Only lines with the string "delle" are wanted. Pull them out of the data.

---- SUPPLIED DATA

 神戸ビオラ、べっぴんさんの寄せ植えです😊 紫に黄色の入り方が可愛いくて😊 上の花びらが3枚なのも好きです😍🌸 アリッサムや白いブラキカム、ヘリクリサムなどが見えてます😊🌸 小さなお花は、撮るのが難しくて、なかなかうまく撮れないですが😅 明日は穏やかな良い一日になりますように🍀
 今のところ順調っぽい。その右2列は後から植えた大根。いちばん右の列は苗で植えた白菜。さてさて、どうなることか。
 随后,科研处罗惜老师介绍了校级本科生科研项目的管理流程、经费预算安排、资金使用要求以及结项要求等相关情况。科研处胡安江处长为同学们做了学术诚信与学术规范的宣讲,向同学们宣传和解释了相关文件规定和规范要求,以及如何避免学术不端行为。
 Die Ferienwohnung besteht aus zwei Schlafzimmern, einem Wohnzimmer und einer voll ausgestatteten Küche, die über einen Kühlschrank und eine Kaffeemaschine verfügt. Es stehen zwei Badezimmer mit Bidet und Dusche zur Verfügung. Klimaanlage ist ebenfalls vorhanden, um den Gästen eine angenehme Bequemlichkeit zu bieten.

--------
---- SUPPLIED DATA

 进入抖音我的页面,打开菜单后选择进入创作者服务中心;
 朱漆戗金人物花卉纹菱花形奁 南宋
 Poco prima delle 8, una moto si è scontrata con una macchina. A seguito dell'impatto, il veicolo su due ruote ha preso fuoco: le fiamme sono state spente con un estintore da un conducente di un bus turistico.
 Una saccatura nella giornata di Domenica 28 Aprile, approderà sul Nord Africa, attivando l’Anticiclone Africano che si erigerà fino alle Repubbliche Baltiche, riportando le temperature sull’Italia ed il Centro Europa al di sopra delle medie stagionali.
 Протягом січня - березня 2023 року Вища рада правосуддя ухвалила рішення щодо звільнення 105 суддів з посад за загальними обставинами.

--------

RESPONSE TO THIS EXERCISE =>
 Poco prima delle 8, una moto si è scontrata con una macchina. A seguito dell'impatto, il veicolo su due ruote ha preso fuoco: le fiamme sono state spente con un estintore da un conducente di un bus turistico.
 Una saccatura nella giornata di Domenica 28 Aprile, approderà sul Nord Africa, attivando l’Anticiclone Africano che si erigerà fino alle Repubbliche Baltiche, riportando le temperature sull’Italia ed il Centro Europa al di sopra delle medie stagionali.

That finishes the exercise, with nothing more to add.